## Source data
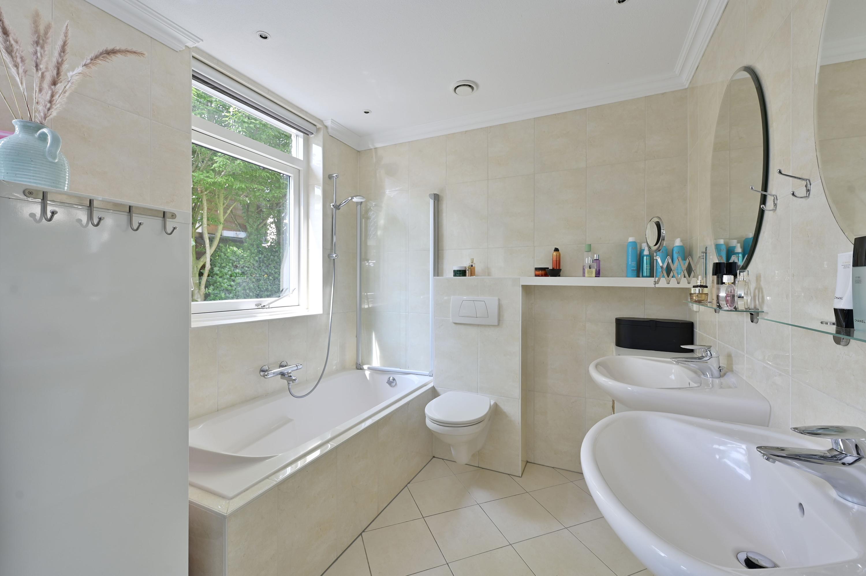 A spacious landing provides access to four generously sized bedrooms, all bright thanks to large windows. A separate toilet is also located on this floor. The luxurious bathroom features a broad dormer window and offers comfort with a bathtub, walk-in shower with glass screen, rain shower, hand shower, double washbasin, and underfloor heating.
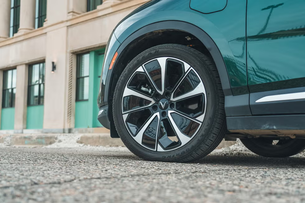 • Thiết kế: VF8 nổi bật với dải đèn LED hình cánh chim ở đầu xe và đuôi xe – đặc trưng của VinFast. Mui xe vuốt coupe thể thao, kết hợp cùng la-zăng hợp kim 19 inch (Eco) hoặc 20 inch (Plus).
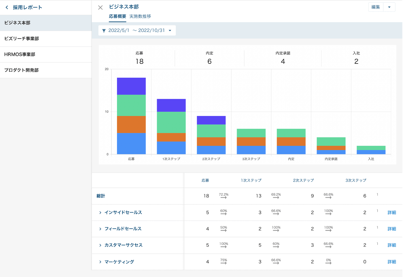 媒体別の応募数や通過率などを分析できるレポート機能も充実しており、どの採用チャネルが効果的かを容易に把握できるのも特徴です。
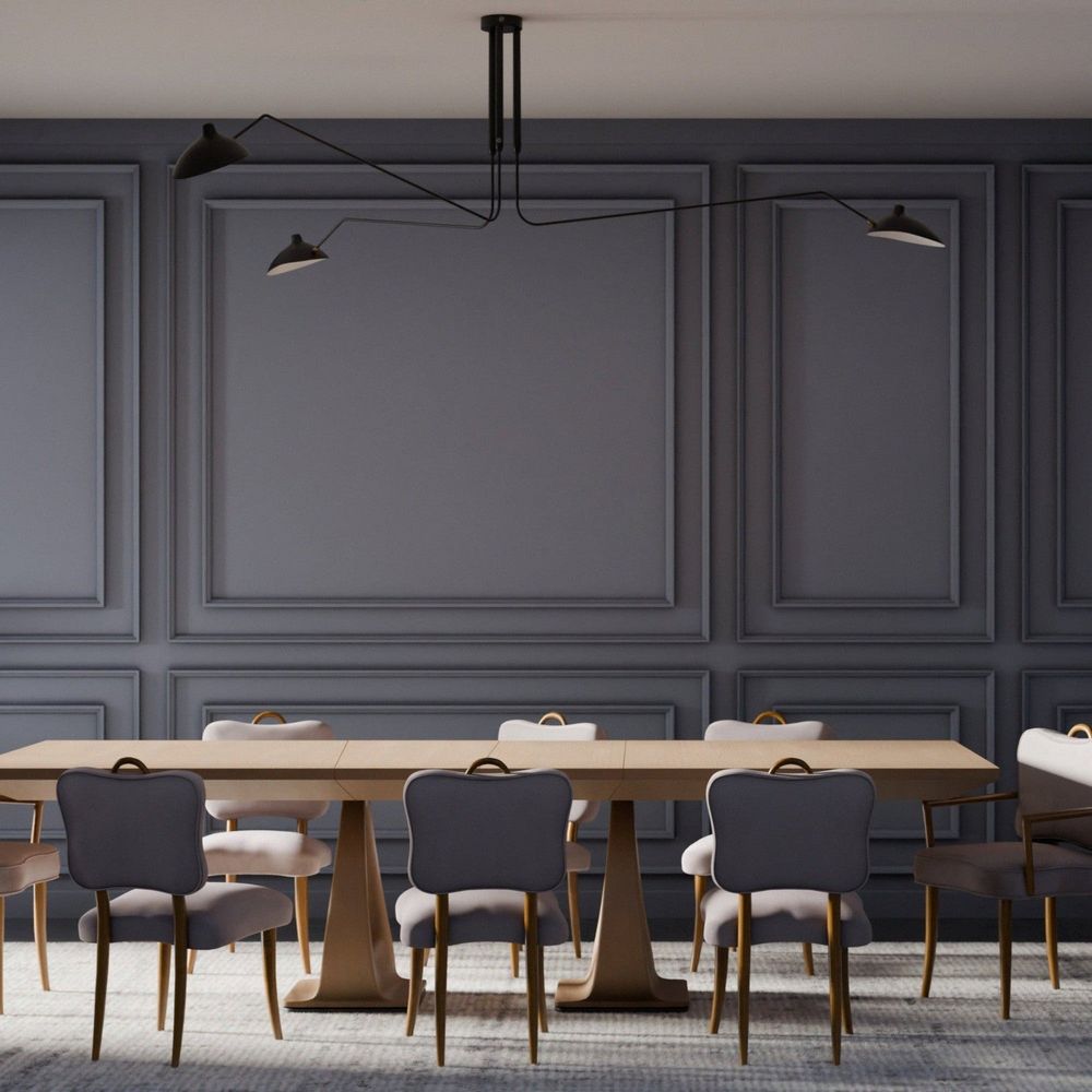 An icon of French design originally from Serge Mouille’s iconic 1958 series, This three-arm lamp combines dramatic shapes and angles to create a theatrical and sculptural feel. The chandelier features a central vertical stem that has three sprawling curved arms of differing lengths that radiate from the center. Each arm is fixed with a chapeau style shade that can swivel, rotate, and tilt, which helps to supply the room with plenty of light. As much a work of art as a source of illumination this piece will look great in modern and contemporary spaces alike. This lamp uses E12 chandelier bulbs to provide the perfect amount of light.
---
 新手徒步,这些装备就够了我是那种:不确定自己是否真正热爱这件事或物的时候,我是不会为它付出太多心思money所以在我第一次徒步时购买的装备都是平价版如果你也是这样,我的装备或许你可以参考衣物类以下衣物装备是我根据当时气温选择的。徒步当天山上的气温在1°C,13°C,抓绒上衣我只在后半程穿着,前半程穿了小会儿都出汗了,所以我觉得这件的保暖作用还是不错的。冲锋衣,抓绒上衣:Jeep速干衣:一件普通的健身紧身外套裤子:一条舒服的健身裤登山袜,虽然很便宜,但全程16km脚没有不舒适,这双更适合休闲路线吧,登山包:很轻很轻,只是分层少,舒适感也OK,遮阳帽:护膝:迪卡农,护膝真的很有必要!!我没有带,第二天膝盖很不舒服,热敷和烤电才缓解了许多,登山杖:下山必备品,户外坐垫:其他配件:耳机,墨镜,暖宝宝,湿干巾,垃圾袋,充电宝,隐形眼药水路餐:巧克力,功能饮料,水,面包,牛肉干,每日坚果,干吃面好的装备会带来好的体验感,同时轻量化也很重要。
* * *
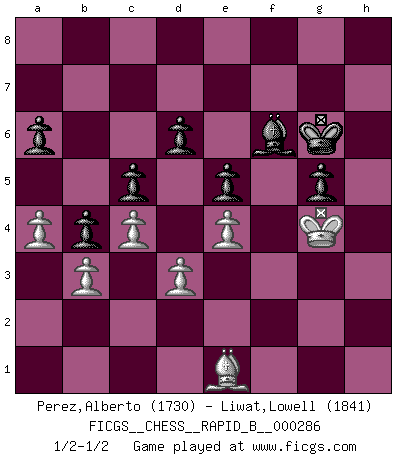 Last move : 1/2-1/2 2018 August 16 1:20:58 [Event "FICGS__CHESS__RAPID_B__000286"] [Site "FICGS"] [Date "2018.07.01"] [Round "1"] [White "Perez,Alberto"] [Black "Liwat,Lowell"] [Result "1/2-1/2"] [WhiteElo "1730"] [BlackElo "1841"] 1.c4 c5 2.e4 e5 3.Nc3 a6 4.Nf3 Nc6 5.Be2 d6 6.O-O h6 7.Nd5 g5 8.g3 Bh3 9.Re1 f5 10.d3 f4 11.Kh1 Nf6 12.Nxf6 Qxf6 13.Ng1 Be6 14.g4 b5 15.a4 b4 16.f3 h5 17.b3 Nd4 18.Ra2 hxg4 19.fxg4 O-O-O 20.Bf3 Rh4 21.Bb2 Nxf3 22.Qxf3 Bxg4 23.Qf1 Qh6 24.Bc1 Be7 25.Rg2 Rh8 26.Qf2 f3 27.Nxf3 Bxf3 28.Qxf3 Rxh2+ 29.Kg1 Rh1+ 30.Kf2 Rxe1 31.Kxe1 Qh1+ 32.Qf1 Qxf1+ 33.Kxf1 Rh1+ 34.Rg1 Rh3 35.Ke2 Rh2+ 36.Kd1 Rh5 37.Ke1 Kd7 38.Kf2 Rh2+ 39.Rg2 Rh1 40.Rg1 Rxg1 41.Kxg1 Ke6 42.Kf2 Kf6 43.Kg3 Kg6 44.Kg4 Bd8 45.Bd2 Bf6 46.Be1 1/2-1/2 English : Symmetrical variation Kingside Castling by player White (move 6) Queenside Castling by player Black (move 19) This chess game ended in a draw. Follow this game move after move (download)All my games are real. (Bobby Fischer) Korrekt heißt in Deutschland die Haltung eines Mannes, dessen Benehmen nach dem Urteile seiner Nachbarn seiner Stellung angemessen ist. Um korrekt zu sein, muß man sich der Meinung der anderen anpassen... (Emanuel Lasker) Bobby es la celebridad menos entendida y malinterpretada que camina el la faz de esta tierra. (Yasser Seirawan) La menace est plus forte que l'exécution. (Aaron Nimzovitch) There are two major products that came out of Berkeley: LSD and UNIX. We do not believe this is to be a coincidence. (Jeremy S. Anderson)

## What to work on
Give back exactly the lines of the listing above from the one that contains "A spacious landing" up to and including the one that contains "媒体別の応募数や通過率などを", but not the pictures, and no other lines.

## Response
 A spacious landing provides access to four generously sized bedrooms, all bright thanks to large windows. A separate toilet is also located on this floor. The luxurious bathroom features a broad dormer window and offers comfort with a bathtub, walk-in shower with glass screen, rain shower, hand shower, double washbasin, and underfloor heating.
 • Thiết kế: VF8 nổi bật với dải đèn LED hình cánh chim ở đầu xe và đuôi xe – đặc trưng của VinFast. Mui xe vuốt coupe thể thao, kết hợp cùng la-zăng hợp kim 19 inch (Eco) hoặc 20 inch (Plus).
 媒体別の応募数や通過率などを分析できるレポート機能も充実しており、どの採用チャネルが効果的かを容易に把握できるのも特徴です。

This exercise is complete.